- Opening Delimiter -
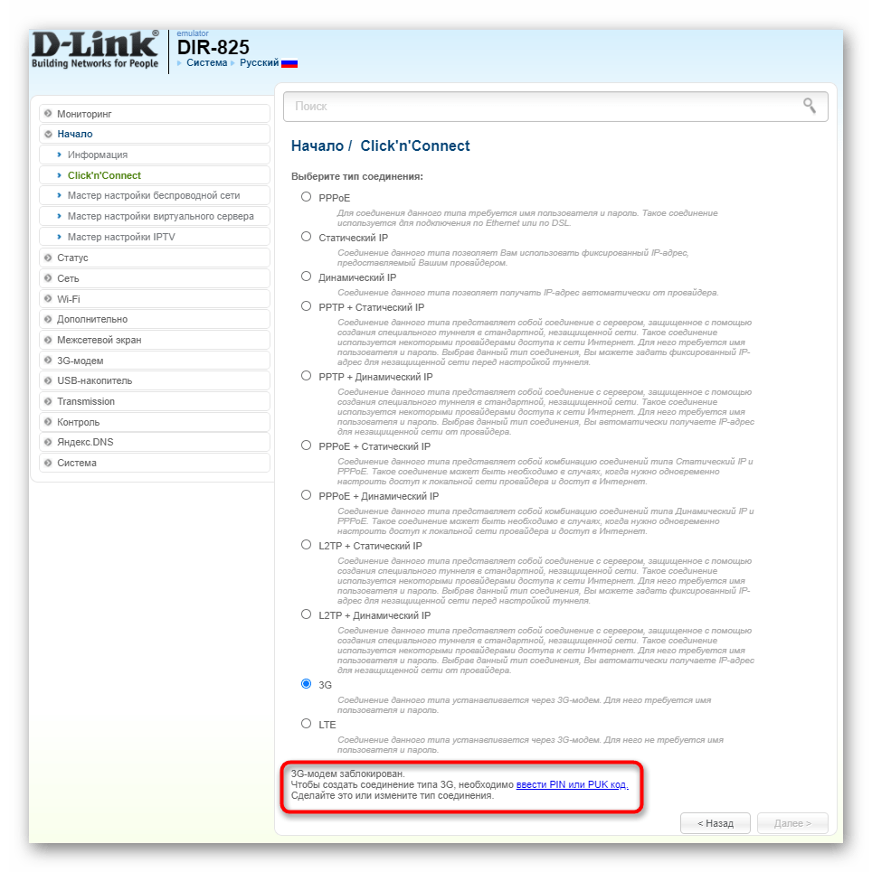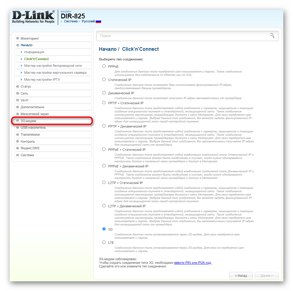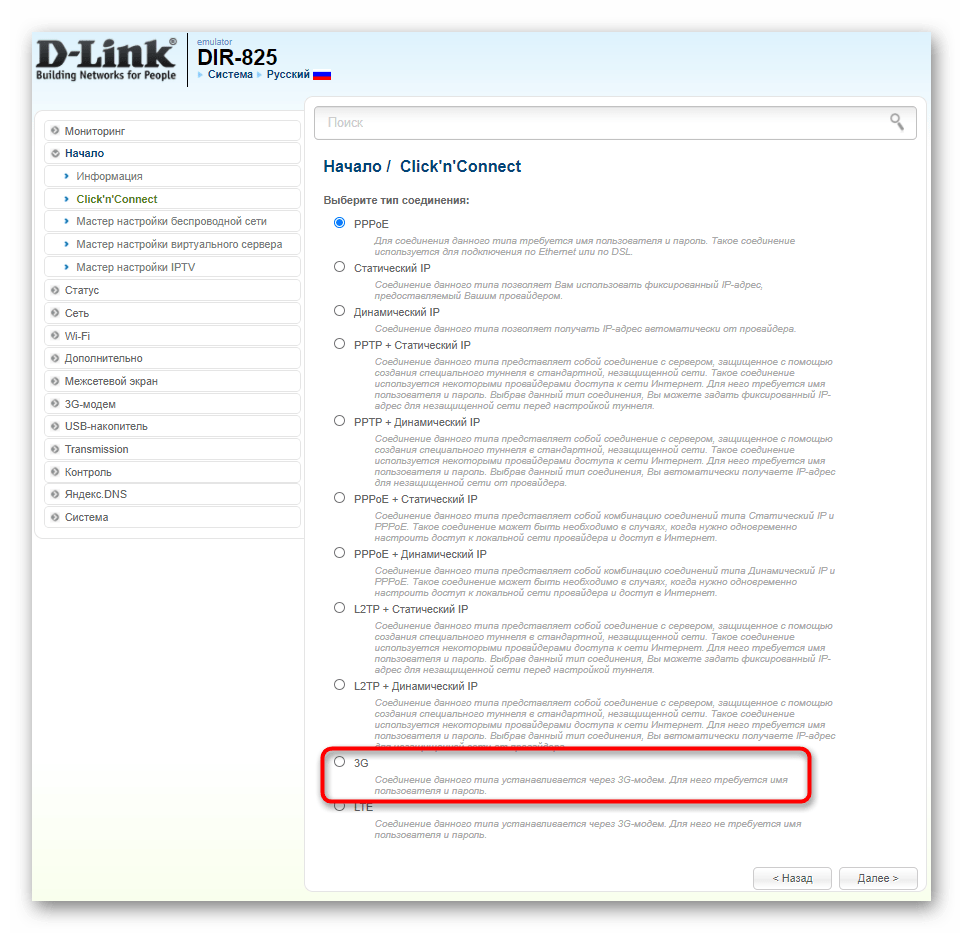 При выборе типа соединения укажите «3G» или «LTE» (4G), что зависит от того, какое поколение мобильной сети предоставляет оператор.
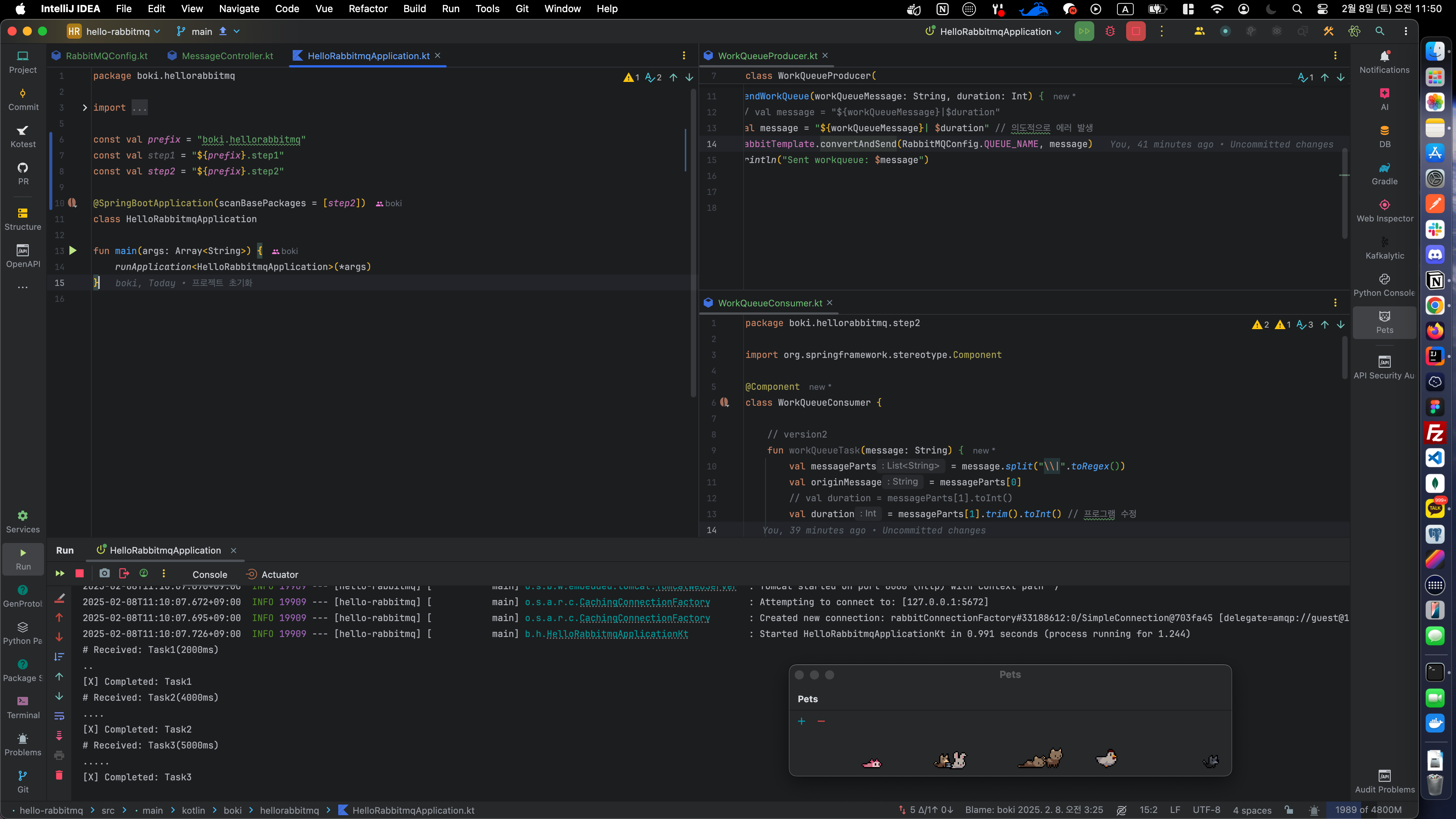 최근에는 RabbitMQ를 수강하며 공부해보고 있다. 강의는 Java지만 Kotlin으로 만들어가며, 코드를 제공해주지만 어차피 자바라 내가 직접 쳐보면서 하고 있다. 또한 Branch 단위로 제공하는 걸 그냥 Config를 교체하는 식으로(학습용이니) 진행중이다.
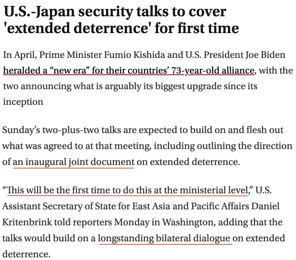 根據(jù)美國負(fù)責(zé)東亞和太平洋事務(wù)的助理國務(wù)卿克里滕布林克的介紹,這將是雙方長期以來就“延伸威懾”問題舉行雙邊對(duì)話后的第一次部長級(jí)會(huì)談。
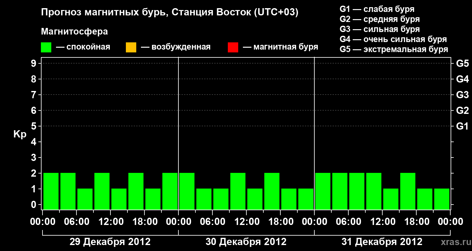 Прогноз магнитных бурь локации Станция Восток — 29 декабря 2012 года
- Closing Delimiter -
-- EXERCISE --
Pictures aside, the material must be written out word for word.

-- EXERCISE RESULT --
 При выборе типа соединения укажите «3G» или «LTE» (4G), что зависит от того, какое поколение мобильной сети предоставляет оператор.
 최근에는 RabbitMQ를 수강하며 공부해보고 있다. 강의는 Java지만 Kotlin으로 만들어가며, 코드를 제공해주지만 어차피 자바라 내가 직접 쳐보면서 하고 있다. 또한 Branch 단위로 제공하는 걸 그냥 Config를 교체하는 식으로(학습용이니) 진행중이다.
 根據(jù)美國負(fù)責(zé)東亞和太平洋事務(wù)的助理國務(wù)卿克里滕布林克的介紹,這將是雙方長期以來就“延伸威懾”問題舉行雙邊對(duì)話后的第一次部長級(jí)會(huì)談。
 Прогноз магнитных бурь локации Станция Восток — 29 декабря 2012 года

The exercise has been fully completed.